Testifying under oath, Atienza and Razon confirmed they
also coordinated in providing police security escorts to
Lozada, who feared for his safety, as well as his
family, in the face of death threats he received in
connection with the national broadband network (NBN)
deal that President Arroyo ordered aborted in the wake
of a full-blown scandal hounding her administration.
Lozada
admitted that he left for Hong Kong last week to avoid
the warrant of arrest and sought the help of Atienza
when he came back because he “did not want to go to the
Senate and wanted to stop the death threats against him
and because I cannot lie when I testify there.”
Atienza’s statement was bolstered by the testimony
before the Senate of Lozada’s lawyer Antonio Bautista,
who said Lozada had confided to him during their first
meeting February 5 that his brother had been talking
with opposition Sen. Panfilo Lacson.
This
developed as the testimonies during the hearing by
Atienza, Bautista and Defensor along with police and
airport officials had all debunked Lozada’s claim that
he was abducted upon his airport arrival and then forced
to sign a prepared affidavit denying any knowledge of
alleged irregularities in the NBN-ZTE project.
Lozada’s
allegations about a supposed kidnapping were further
punctured by the disclosure before the Senate by his
security detail from the Police Security and Protection
Office (PSPO) that Lozada had armed bodyguards at the
dormitory of La Salle Greenhills where he and his family
had stayed overnight on February 5 and 6.
Razon;
the Manila International Airport Authority assistant
general manager for security, Angel Atutubo; and the
Ninoy Aquino International Airport general manager,
Alfonso Cusi; maintained that contrary to Lozada’s claim
that he was kidnapped, he was not forced to go with his
PSPO escorts who were assigned to secure him upon his
arrival from Hong Kong on February 5 upon his request.
Senior
Supt.
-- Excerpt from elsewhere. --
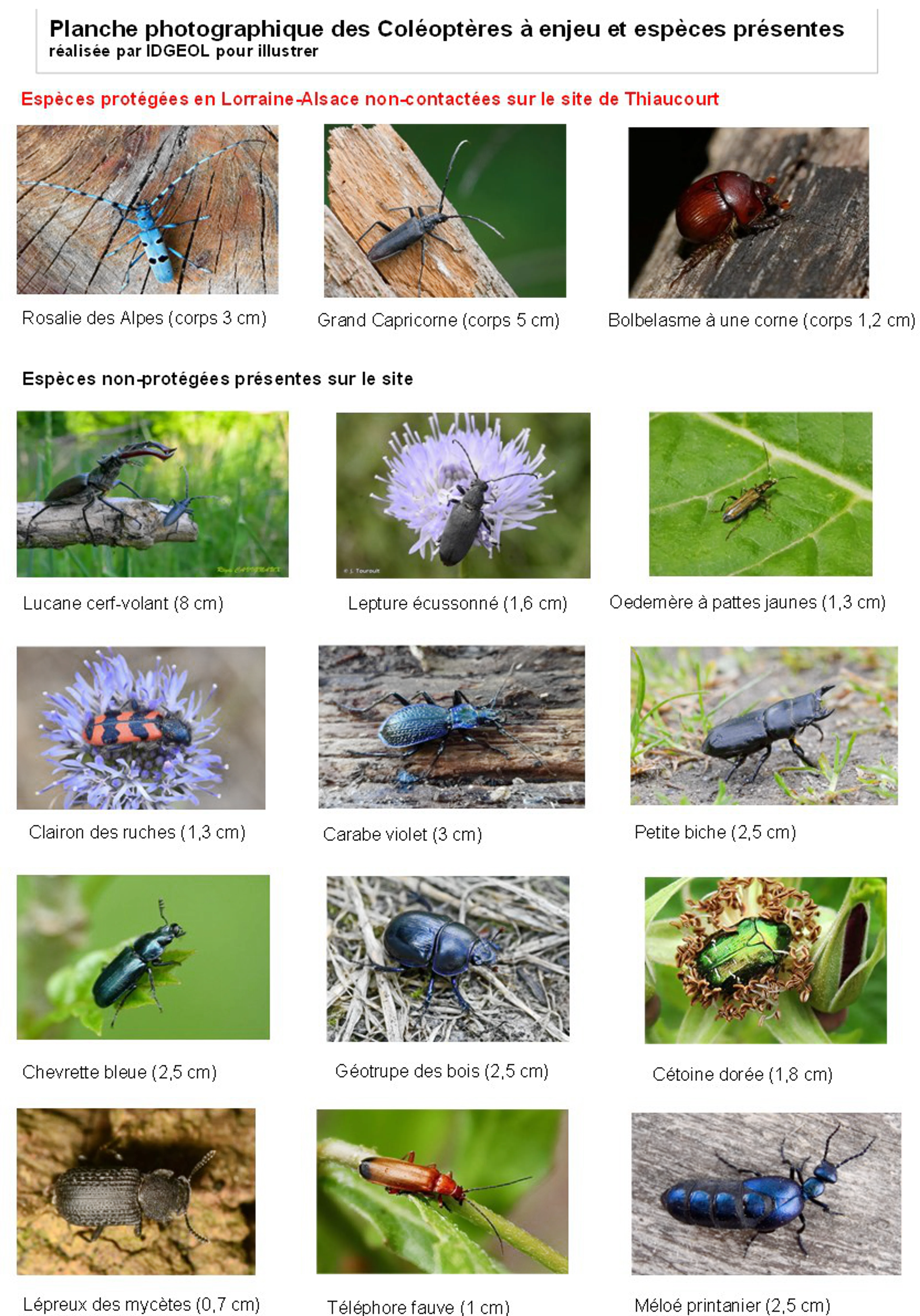 Pour autant, le même bureau d’étude recommande la mise en place de zones d’îlots de sénescence au sein du massif forestier (où on laisse les arbres morts se décomposer naturellement sur place). Ces îlots sont recommandés pour favoriser le maintien de peuplements diversifié de coléoptères même s’ils ne figurent pas dans la liste des espèces protégées. Ainsi, 5 îlots de sénescence avec des arbres d’intérêt biologique à conserver entre les îlots d’un même secteur ont été proposés par un second bureau d’étude spécialisé sur ces questions. Afin de garantir l’application cet engagement, Thiaucourt Matériaux a rédigé une convention de gestion de type ORE avec l’exploitant forestier pour une durée de 99 ans. Enfin, notons que certaines espèces d’insectes aujourd’hui très peu présentes dans le secteur bénéficieront des nouveaux habitats ouverts qui leurs sont favorables comme les pelouses calcaires créées par l’exploitation.

Paul Mascarińas, who headed the PSPO team assigned
to Lozada, disclosed during the joint Senate inquiry
that when security detail escorted him to the third
floor of the dormitory at La Salle Greenhills after
their dinner at a Quezon City restaurant, he discovered
that there were three armed men acting as Lozada’s
private security men who were posted in the area.
Mascarińas said that it was Lozada’s sister, Carmen, who
had introduced the armed men to him and informed him
that they were his brother’s personal security men.
“Carmen,
the sister of Jun [Lozada], told me that they were Jun’s
private bodyguards who were retired military personnel,”
Mascarinas said.
Defensor
corroborated the testimonies of the police and airport
officials, saying that Lozada had assured him at the
dormitory of La Salle Greenhills, where Lozada was
escorted to by his PSPO escorts upon his request, that
he was not being held against his will by his police
escorts at that school.
Defensor,
who narrated before senators how he had gotten in touch
with Lozada and visited him during the latter’s stay at
La Salle Greenhills, said that when he told Lozada that
he will help him escape if he was indeed being kept by
his PSPO security detail against his will, the latter
assured him he had not been kidnapped and that, “OK
naman ako dito.”
In his
testimony before the joint inquiry by three Senate
committees, Atienza said he felt misled by Lozada, who
had made it appear that he was seeking help only from
him regarding his possible arrest by the Senate, when
the truth was that he had already been talking with some
senators regarding his arrival to the Philippines and
plans to resign from Philippine Forest Corp., of which
he is the president.
Atienza
also asked why Lozada’s family had filed a writ of
habeas corpus and a writ of amparo before the Supreme
Court to compel police authorities to produce Lozada,
when at that time they were already together at the
dormitory of La Salle Greenhills in
San Juan,
Metro Manila.
“I felt
violated because all along I believed I was the only one
helping him. It turned out that he was talking to some
senators who already knew before I did that he was
cutting short his trip from Hong Kong, that he was
returning to Manila instead, and that he was resigning
from PhilForest,” Atienza told senators at the hearing
on the NBN deal.
During
the Senate hearing, Razon made it clear that Lozada
was neither kidnapped nor coerced by police escorts
assigned to him to ensure his safe arrival from Hong
Kong.
Razon
said that Lozada went with the officers of the PSPO on
his own free will and had never asked them to leave him
during the time that they were assigned to protect him.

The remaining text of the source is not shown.